START Working data
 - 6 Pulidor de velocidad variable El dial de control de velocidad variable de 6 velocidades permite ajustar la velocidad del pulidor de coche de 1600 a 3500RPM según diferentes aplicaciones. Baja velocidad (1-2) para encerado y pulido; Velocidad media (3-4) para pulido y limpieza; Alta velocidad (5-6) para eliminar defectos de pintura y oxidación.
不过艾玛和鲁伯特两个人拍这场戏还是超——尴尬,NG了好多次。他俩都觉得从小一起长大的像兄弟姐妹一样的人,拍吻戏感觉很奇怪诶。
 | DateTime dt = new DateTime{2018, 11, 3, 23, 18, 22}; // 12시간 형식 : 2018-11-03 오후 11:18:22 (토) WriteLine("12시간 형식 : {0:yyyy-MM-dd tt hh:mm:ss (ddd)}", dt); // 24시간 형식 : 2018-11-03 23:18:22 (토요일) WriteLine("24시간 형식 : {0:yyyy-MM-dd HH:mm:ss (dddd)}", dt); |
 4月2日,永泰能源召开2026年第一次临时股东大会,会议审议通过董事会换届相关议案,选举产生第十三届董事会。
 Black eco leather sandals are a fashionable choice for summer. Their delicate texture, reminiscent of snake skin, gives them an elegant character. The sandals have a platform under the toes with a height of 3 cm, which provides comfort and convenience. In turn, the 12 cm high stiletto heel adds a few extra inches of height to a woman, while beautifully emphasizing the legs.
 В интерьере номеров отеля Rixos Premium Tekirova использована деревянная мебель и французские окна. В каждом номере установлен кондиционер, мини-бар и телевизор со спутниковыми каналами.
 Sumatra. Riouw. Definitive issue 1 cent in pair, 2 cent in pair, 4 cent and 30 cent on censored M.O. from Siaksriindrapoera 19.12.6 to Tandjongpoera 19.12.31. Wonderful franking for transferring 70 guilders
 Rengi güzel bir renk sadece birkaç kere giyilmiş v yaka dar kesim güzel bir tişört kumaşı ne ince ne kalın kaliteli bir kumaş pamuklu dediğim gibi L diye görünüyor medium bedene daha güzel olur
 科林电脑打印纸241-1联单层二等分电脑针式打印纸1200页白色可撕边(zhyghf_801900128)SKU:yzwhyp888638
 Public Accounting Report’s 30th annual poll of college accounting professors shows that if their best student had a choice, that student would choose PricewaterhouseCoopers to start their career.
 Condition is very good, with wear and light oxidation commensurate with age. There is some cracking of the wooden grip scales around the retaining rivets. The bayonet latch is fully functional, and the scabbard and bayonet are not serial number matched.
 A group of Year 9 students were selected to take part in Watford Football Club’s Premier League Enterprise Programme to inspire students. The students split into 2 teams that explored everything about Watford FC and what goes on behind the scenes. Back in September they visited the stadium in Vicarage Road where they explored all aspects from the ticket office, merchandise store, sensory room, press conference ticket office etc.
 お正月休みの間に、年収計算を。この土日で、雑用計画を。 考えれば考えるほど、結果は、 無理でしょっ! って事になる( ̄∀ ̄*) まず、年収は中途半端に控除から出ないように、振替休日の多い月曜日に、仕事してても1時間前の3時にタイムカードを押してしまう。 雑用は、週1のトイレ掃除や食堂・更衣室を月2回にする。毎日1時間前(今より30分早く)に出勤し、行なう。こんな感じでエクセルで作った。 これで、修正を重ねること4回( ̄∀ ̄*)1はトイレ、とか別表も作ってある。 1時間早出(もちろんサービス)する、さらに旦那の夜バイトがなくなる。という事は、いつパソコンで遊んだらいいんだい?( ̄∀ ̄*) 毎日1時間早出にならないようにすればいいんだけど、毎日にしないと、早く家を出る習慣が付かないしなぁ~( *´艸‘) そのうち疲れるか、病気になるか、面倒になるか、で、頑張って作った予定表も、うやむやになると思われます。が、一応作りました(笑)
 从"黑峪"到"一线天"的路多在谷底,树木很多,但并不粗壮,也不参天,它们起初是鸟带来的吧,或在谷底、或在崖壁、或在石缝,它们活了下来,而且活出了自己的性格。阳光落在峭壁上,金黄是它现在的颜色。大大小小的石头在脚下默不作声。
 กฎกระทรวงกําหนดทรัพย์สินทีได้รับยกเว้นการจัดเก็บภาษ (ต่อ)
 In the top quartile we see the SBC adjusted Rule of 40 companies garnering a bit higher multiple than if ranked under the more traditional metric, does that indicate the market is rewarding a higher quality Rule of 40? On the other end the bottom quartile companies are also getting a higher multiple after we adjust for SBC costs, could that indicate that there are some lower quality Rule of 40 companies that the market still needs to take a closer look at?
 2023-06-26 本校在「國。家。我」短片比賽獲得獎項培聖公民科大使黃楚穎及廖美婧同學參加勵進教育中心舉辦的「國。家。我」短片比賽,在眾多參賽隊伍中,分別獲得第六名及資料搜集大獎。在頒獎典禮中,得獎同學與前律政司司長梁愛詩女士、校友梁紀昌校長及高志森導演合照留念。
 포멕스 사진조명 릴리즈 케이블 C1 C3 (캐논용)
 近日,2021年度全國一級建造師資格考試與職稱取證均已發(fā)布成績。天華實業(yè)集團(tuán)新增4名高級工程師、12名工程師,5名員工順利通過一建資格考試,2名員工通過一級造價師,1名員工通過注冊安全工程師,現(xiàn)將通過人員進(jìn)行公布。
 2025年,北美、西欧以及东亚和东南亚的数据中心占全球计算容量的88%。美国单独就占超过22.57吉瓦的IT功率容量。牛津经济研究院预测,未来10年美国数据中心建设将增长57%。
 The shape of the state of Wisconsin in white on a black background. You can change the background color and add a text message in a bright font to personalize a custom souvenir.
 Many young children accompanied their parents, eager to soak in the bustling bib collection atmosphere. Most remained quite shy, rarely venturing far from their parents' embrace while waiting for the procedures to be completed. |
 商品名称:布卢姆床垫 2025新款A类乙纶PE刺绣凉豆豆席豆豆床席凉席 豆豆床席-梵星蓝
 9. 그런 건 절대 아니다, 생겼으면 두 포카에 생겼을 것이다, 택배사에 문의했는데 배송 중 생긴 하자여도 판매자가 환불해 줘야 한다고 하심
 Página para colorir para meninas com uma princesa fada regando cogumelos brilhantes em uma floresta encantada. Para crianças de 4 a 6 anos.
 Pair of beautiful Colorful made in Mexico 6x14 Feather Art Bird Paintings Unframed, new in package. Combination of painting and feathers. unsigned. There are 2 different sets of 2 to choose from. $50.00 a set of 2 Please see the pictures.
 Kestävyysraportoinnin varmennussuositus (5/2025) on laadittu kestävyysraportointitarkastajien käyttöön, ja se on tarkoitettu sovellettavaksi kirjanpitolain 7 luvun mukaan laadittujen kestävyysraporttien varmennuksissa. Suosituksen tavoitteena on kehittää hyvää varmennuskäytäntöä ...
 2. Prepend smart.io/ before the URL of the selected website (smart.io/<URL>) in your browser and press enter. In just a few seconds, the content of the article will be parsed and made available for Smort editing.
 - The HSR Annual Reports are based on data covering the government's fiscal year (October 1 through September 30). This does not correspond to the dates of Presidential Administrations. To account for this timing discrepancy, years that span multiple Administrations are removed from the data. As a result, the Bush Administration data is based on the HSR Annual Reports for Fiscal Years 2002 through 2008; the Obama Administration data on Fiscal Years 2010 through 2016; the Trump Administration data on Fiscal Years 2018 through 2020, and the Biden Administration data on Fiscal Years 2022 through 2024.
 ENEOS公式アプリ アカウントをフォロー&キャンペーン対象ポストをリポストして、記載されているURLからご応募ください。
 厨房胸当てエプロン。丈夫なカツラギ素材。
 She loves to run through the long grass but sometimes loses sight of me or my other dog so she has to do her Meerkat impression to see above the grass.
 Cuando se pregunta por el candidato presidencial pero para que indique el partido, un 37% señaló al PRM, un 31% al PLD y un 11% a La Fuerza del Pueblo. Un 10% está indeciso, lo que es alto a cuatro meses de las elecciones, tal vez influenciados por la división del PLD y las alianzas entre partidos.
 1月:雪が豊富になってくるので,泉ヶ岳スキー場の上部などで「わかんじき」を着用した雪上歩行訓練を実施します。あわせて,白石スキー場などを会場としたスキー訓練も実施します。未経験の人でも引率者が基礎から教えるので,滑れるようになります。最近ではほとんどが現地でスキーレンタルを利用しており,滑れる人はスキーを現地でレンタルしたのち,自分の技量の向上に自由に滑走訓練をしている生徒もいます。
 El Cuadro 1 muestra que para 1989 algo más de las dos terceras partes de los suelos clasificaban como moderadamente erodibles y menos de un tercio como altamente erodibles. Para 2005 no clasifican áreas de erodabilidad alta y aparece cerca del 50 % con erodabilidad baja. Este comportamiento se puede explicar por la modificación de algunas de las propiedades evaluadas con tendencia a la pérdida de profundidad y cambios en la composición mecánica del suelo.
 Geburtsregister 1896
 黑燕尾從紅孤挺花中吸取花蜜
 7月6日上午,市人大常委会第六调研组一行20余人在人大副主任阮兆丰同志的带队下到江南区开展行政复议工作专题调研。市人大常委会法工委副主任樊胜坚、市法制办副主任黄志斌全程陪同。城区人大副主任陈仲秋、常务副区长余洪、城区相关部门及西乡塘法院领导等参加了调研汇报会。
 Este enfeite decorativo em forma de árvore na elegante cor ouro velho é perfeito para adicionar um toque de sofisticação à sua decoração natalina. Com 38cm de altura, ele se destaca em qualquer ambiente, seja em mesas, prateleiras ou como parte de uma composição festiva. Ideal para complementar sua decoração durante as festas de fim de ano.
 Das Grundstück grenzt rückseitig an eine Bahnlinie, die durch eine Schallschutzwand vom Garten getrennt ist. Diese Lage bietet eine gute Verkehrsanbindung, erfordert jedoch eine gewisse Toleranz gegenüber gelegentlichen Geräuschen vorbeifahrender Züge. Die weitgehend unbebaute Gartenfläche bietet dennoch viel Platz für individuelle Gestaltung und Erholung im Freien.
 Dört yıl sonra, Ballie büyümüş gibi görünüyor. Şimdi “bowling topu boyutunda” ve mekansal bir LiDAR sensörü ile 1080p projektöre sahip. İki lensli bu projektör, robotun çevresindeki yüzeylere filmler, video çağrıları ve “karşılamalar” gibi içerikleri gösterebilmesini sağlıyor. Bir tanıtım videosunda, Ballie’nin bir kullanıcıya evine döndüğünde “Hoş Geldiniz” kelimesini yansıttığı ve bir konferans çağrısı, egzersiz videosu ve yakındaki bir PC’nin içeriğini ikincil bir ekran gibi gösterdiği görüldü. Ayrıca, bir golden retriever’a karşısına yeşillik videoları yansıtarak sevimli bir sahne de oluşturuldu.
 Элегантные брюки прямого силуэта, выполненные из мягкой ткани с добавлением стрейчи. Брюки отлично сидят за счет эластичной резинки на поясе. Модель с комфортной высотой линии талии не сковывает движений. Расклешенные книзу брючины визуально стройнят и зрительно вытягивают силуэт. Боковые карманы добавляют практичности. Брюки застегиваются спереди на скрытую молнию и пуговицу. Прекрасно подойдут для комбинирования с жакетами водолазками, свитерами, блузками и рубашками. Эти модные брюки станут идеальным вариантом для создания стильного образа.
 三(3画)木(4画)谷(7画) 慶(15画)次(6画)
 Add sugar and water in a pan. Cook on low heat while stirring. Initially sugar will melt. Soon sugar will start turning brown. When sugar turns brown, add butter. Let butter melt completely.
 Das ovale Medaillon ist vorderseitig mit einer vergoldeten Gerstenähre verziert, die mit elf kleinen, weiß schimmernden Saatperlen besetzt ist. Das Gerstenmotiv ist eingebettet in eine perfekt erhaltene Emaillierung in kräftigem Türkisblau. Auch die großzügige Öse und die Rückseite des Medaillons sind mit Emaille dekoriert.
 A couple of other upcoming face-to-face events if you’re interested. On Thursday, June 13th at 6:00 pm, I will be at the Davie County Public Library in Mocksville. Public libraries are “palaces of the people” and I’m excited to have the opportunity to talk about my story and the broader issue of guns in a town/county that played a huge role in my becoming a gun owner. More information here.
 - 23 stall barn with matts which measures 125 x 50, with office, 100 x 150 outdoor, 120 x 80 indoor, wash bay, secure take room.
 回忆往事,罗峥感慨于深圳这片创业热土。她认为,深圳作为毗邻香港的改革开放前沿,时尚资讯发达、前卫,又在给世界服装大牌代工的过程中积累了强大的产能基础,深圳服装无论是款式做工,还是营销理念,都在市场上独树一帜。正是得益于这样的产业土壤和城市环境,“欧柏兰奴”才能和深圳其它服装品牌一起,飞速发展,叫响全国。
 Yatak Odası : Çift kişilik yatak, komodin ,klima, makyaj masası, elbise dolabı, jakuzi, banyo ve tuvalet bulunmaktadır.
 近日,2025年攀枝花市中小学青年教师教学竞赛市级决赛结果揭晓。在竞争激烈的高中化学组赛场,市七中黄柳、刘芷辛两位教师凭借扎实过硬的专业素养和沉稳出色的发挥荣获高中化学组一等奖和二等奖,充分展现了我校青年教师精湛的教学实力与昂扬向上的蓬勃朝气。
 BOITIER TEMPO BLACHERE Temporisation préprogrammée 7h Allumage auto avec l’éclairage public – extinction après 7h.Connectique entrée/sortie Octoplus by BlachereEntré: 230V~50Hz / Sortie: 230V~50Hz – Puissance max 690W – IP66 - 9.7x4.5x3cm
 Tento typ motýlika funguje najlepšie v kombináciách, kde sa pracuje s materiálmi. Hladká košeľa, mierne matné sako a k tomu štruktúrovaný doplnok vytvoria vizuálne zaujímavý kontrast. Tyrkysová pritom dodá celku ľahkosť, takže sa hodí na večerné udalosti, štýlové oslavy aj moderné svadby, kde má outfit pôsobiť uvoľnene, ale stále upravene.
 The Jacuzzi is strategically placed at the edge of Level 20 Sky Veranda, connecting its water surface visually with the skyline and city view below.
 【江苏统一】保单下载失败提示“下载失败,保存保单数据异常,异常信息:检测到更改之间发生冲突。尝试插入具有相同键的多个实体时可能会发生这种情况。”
END Working data
Task brief.
Copy out, word for word, the part of the entries above that begins at the line with "In the top quartile" and ends at the line with "The shape of", including both.

Solution to the exercise.
 In the top quartile we see the SBC adjusted Rule of 40 companies garnering a bit higher multiple than if ranked under the more traditional metric, does that indicate the market is rewarding a higher quality Rule of 40? On the other end the bottom quartile companies are also getting a higher multiple after we adjust for SBC costs, could that indicate that there are some lower quality Rule of 40 companies that the market still needs to take a closer look at?
 2023-06-26 本校在「國。家。我」短片比賽獲得獎項培聖公民科大使黃楚穎及廖美婧同學參加勵進教育中心舉辦的「國。家。我」短片比賽,在眾多參賽隊伍中,分別獲得第六名及資料搜集大獎。在頒獎典禮中,得獎同學與前律政司司長梁愛詩女士、校友梁紀昌校長及高志森導演合照留念。
 포멕스 사진조명 릴리즈 케이블 C1 C3 (캐논용)
 近日,2021年度全國一級建造師資格考試與職稱取證均已發(fā)布成績。天華實業(yè)集團(tuán)新增4名高級工程師、12名工程師,5名員工順利通過一建資格考試,2名員工通過一級造價師,1名員工通過注冊安全工程師,現(xiàn)將通過人員進(jìn)行公布。
 2025年,北美、西欧以及东亚和东南亚的数据中心占全球计算容量的88%。美国单独就占超过22.57吉瓦的IT功率容量。牛津经济研究院预测,未来10年美国数据中心建设将增长57%。
 The shape of the state of Wisconsin in white on a black background. You can change the background color and add a text message in a bright font to personalize a custom souvenir.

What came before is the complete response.